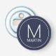 Modern minimalist design features personalized monogram and name in white modern sans serif font style on navy blue background.
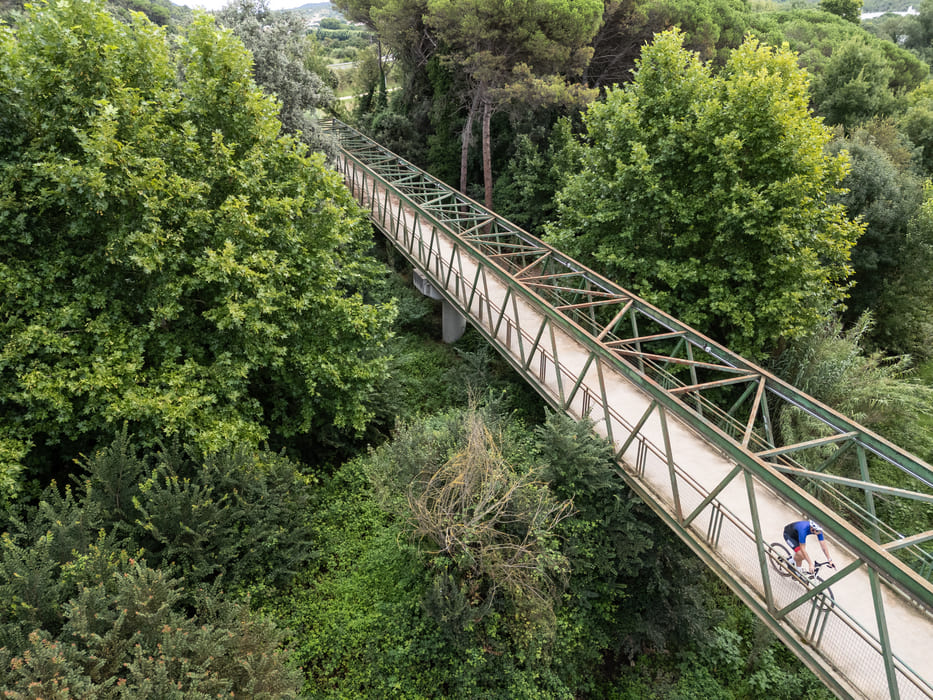 Després del pont ve una rampa de baixada d’uns 120m. Si vas amb una handbike de Vies Verdes, és important frenar suaument des del principi i no deixar embalar la handbike.
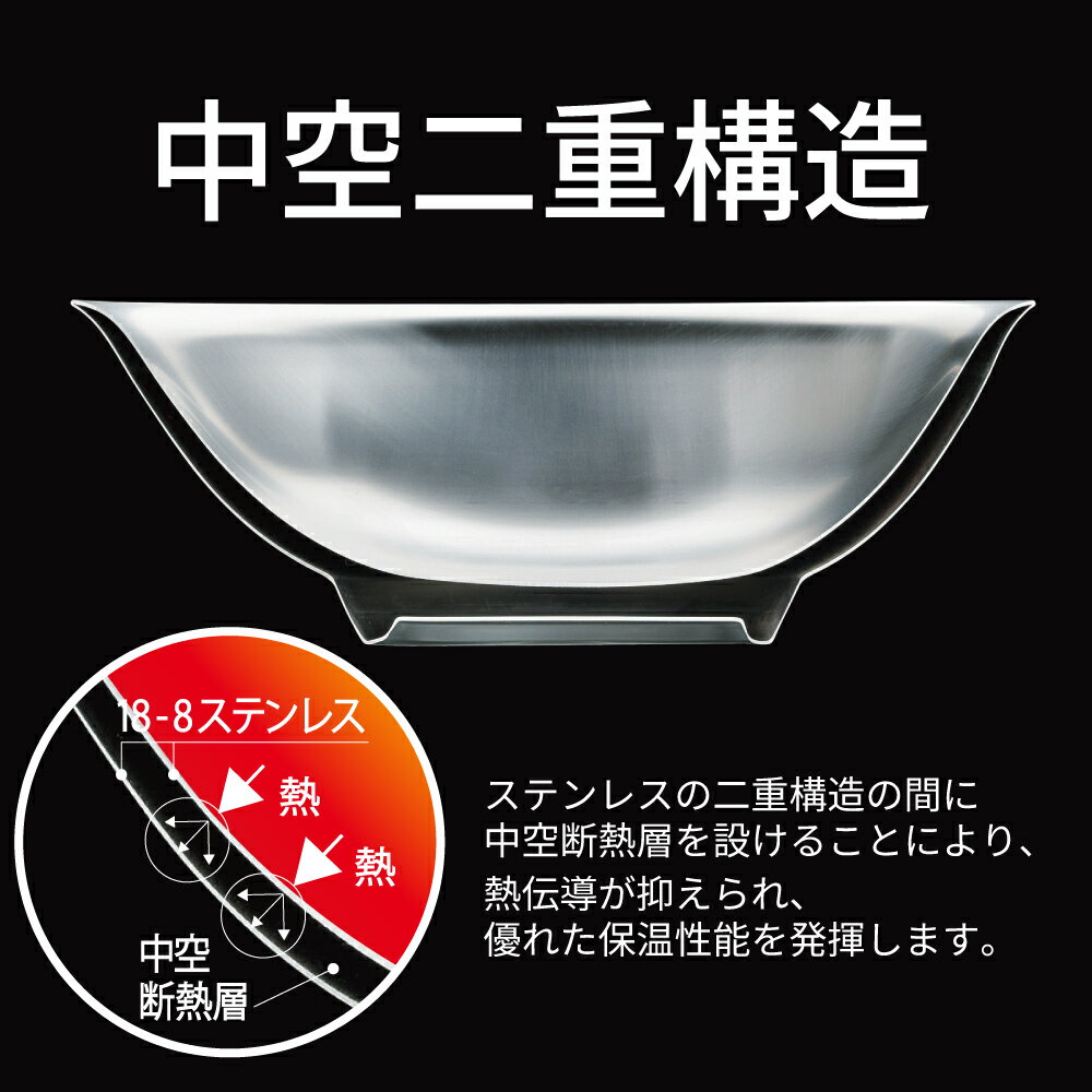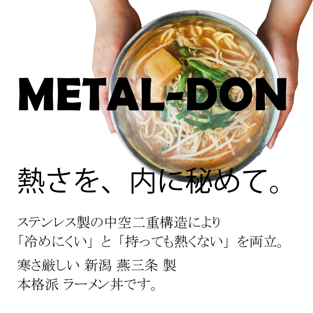 【ステンレスミラー磨き仕様】【ステンレスオールつや消磨仕様】【塗装仕様黒】【塗装仕様赤】【塗装仕様黄】【塗装仕様白】【塗装仕様青磁】●メタル丼の特徴● 温かい料理を温かいままに、冷たい料理は冷たいままに。中空2重構造の「メタル丼」が、そんな「当たり前」を実現します。 [スープが冷めにくい] …中空2重構造を採用した、中身が冷めにくい保温食器です。※中空2重構造とは:ステンレスの2重構造の間に、中空断熱層を設けることにより、スープの熱伝導が抑えられ、優れた保温性能を発揮します。 [触っても熱くなりにくい] …中身の温度が直接手に伝わりにくい優れもの! [割れない] …丈夫な18-8ステンレス製。 ●made in 燕三条● 金物の国内最大の生産地、燕三条。隣接する燕市と三条市は、古くから金属加工品の製造技術が高く、特に燕市は洋食器、三条市は刃物・金物の産地として有名でした。それは燕三条の職人達が、より良い製品をつくるために日々鍛錬を重ね、技術を磨いてきたからに他なりません。より良い製品づくりの心が今もなお息づいているからこそ、世界に誇れる製品を生み出していけるのです。 サイズ外径Φ300mm×H90mm 満水容量3300ccキングサイズ/取り分け・メガ盛り向け 材質18-8ステンレス(二重構造) 食器洗浄機使用可 食器乾燥機使用可 食器消毒保管庫使用可 電子レンジ使用不可 <塗装の剥がれ等にご注意>…本品の塗装品は、食品衛生法にも適合した塗料を使用して表面塗装を施しています。焼付処理を施しており、塗装部分は非常に剥がれにくくなっていますが、仕様状況によっては、フチ部分や底の接地面などの塗装が剥げてくる可能性があります。 !メーカー取り寄せ品のため発送まで約5-10日程度かかります。予めご了承の上ご注文をお願いいたします。また、商品が欠品中の場合もございますのでお急ぎの場合はご注文前に在庫のご確認をお願いいたします。 ■メーカー希望小売価格はメーカーカタログに基づいて掲載しています
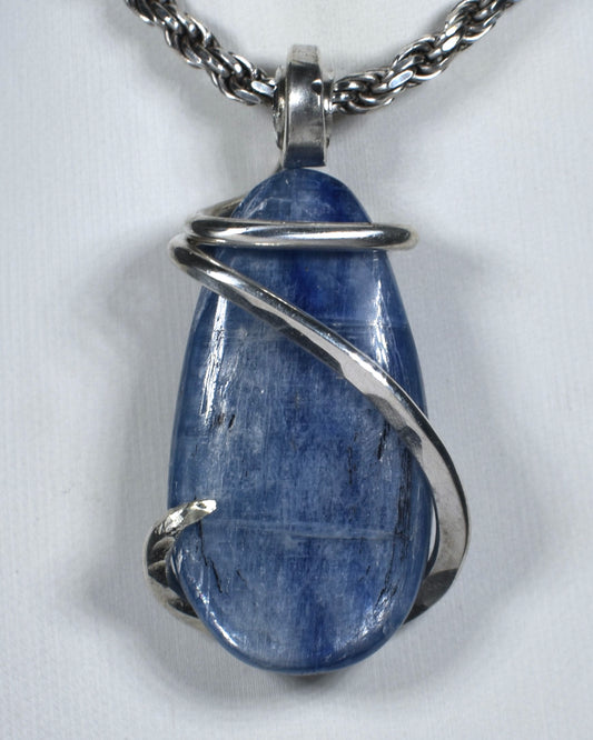 Blue Kyanite Handmade Crystal Pendant Wrapped in Silver
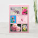 92:a födelsedagskort. Skicka vackra blommor till en vacker person. Ett födelsedagskort med vackra känslor. En samling bilder av blommor med rammage på rosa bakgrund.
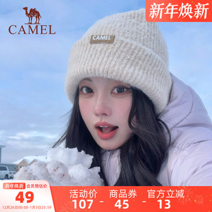 骆驼麻薯帽针织帽女款 冬堆堆帽子方圆脸显脸小保暖毛线帽 2025新款
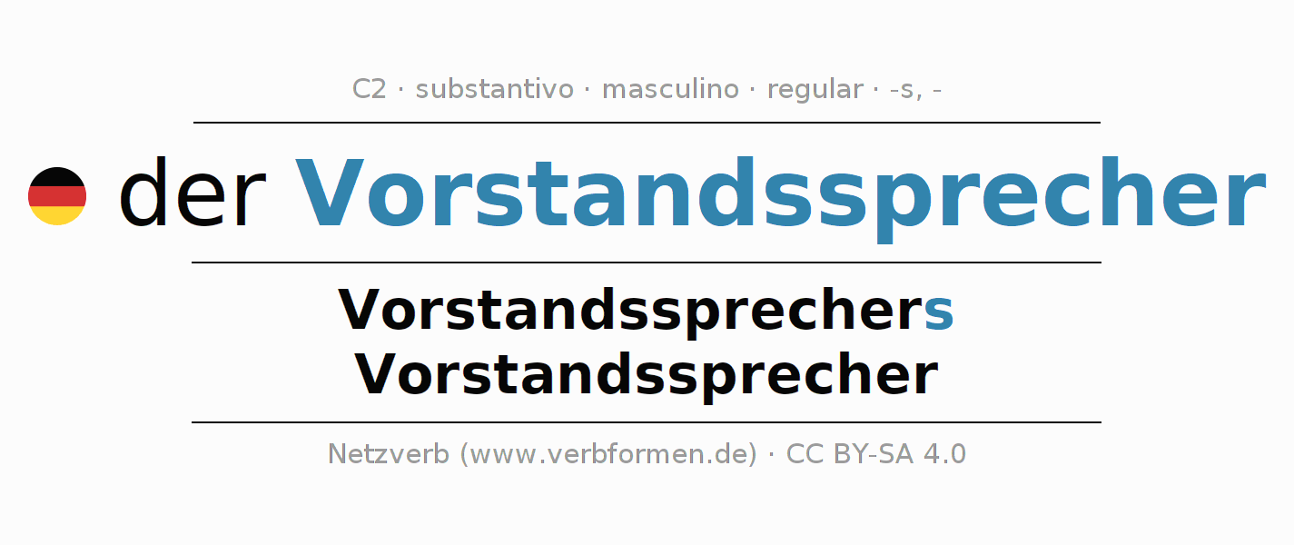 A declinação do substantivo Vorstandssprecher (porta-voz, representante) está no genitivo singular Vorstandssprechers e no nominativo plural Vorstandssprecher . O substantivo forte Vorstandssprecher é declinado com a terminação s/-. O gênero gramatical de Vorstandssprecher é masculino e o artigo definido é 'der'. Não se pode somente declinar o substantivo Vorstandssprecher mas sim todos os substantivos em alemão. O substantivo faz parte do vocabulário referente ao Certificado em Alemão do Nível C2. Comentários ☆
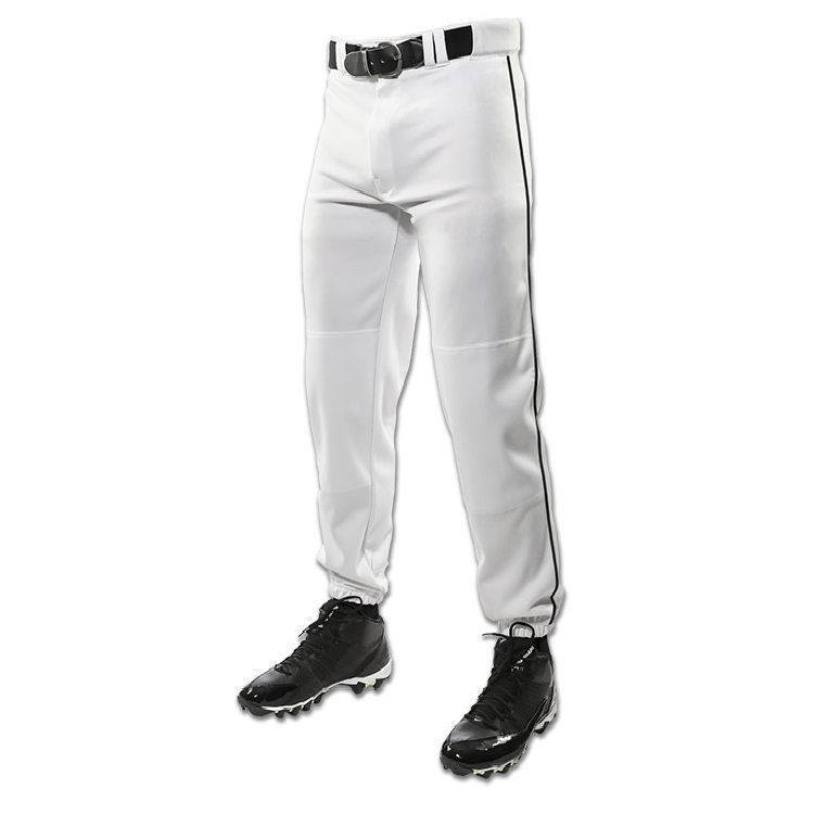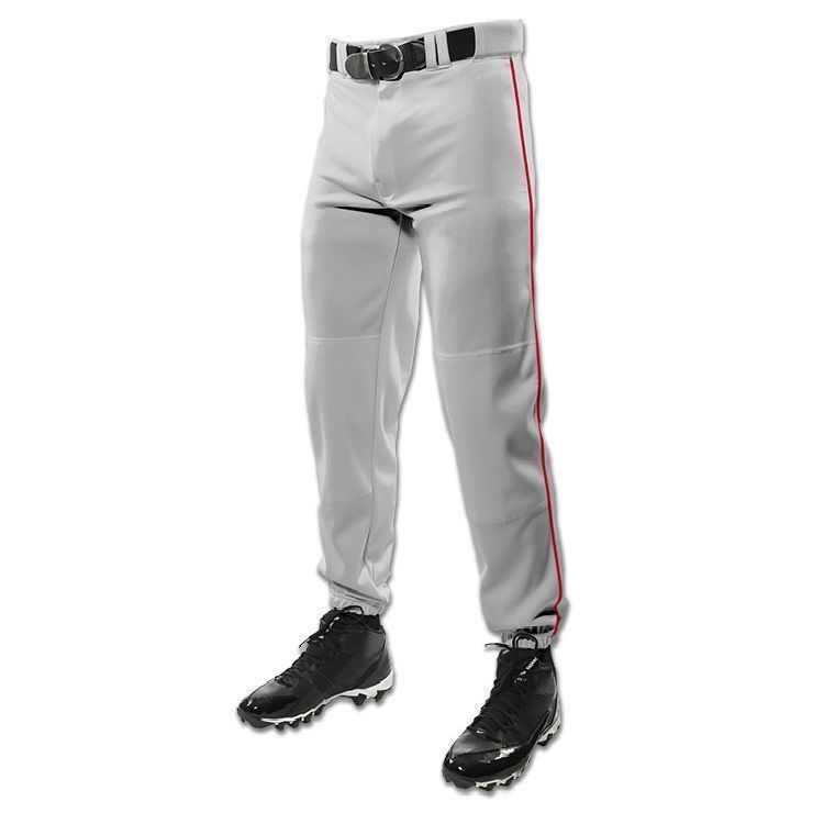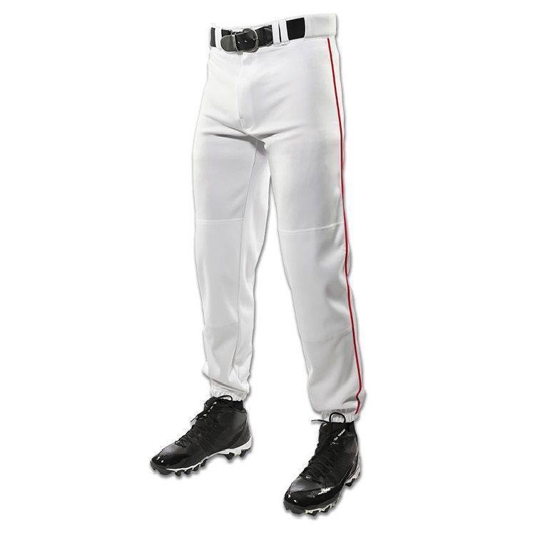 Champro BP91 piped baseball pants are made of 14oz. Tek-knit fabric with 3/16" side piping. Champro piped baseball pants have elastic bottom hems, 2-1/2 inch wide waistband with gripper waist, 7 pro style belts loops, double reinforced knees, dual snap closure with zipper fly, two inset back pockets and a ankle length design.

-*-

--- TASK BRIEF ---
The reply must contain every entry above, exactly as written, and none of the pictures.

--- SOLUTION TO THE PROBLEM ---
 Modern minimalist design features personalized monogram and name in white modern sans serif font style on navy blue background.
 Després del pont ve una rampa de baixada d’uns 120m. Si vas amb una handbike de Vies Verdes, és important frenar suaument des del principi i no deixar embalar la handbike.
 【ステンレスミラー磨き仕様】【ステンレスオールつや消磨仕様】【塗装仕様黒】【塗装仕様赤】【塗装仕様黄】【塗装仕様白】【塗装仕様青磁】●メタル丼の特徴● 温かい料理を温かいままに、冷たい料理は冷たいままに。中空2重構造の「メタル丼」が、そんな「当たり前」を実現します。 [スープが冷めにくい] …中空2重構造を採用した、中身が冷めにくい保温食器です。※中空2重構造とは:ステンレスの2重構造の間に、中空断熱層を設けることにより、スープの熱伝導が抑えられ、優れた保温性能を発揮します。 [触っても熱くなりにくい] …中身の温度が直接手に伝わりにくい優れもの! [割れない] …丈夫な18-8ステンレス製。 ●made in 燕三条● 金物の国内最大の生産地、燕三条。隣接する燕市と三条市は、古くから金属加工品の製造技術が高く、特に燕市は洋食器、三条市は刃物・金物の産地として有名でした。それは燕三条の職人達が、より良い製品をつくるために日々鍛錬を重ね、技術を磨いてきたからに他なりません。より良い製品づくりの心が今もなお息づいているからこそ、世界に誇れる製品を生み出していけるのです。 サイズ外径Φ300mm×H90mm 満水容量3300ccキングサイズ/取り分け・メガ盛り向け 材質18-8ステンレス(二重構造) 食器洗浄機使用可 食器乾燥機使用可 食器消毒保管庫使用可 電子レンジ使用不可 <塗装の剥がれ等にご注意>…本品の塗装品は、食品衛生法にも適合した塗料を使用して表面塗装を施しています。焼付処理を施しており、塗装部分は非常に剥がれにくくなっていますが、仕様状況によっては、フチ部分や底の接地面などの塗装が剥げてくる可能性があります。 !メーカー取り寄せ品のため発送まで約5-10日程度かかります。予めご了承の上ご注文をお願いいたします。また、商品が欠品中の場合もございますのでお急ぎの場合はご注文前に在庫のご確認をお願いいたします。 ■メーカー希望小売価格はメーカーカタログに基づいて掲載しています
 Blue Kyanite Handmade Crystal Pendant Wrapped in Silver
 92:a födelsedagskort. Skicka vackra blommor till en vacker person. Ett födelsedagskort med vackra känslor. En samling bilder av blommor med rammage på rosa bakgrund.
 骆驼麻薯帽针织帽女款 冬堆堆帽子方圆脸显脸小保暖毛线帽 2025新款
 A declinação do substantivo Vorstandssprecher (porta-voz, representante) está no genitivo singular Vorstandssprechers e no nominativo plural Vorstandssprecher . O substantivo forte Vorstandssprecher é declinado com a terminação s/-. O gênero gramatical de Vorstandssprecher é masculino e o artigo definido é 'der'. Não se pode somente declinar o substantivo Vorstandssprecher mas sim todos os substantivos em alemão. O substantivo faz parte do vocabulário referente ao Certificado em Alemão do Nível C2. Comentários ☆
 Champro BP91 piped baseball pants are made of 14oz. Tek-knit fabric with 3/16" side piping. Champro piped baseball pants have elastic bottom hems, 2-1/2 inch wide waistband with gripper waist, 7 pro style belts loops, double reinforced knees, dual snap closure with zipper fly, two inset back pockets and a ankle length design.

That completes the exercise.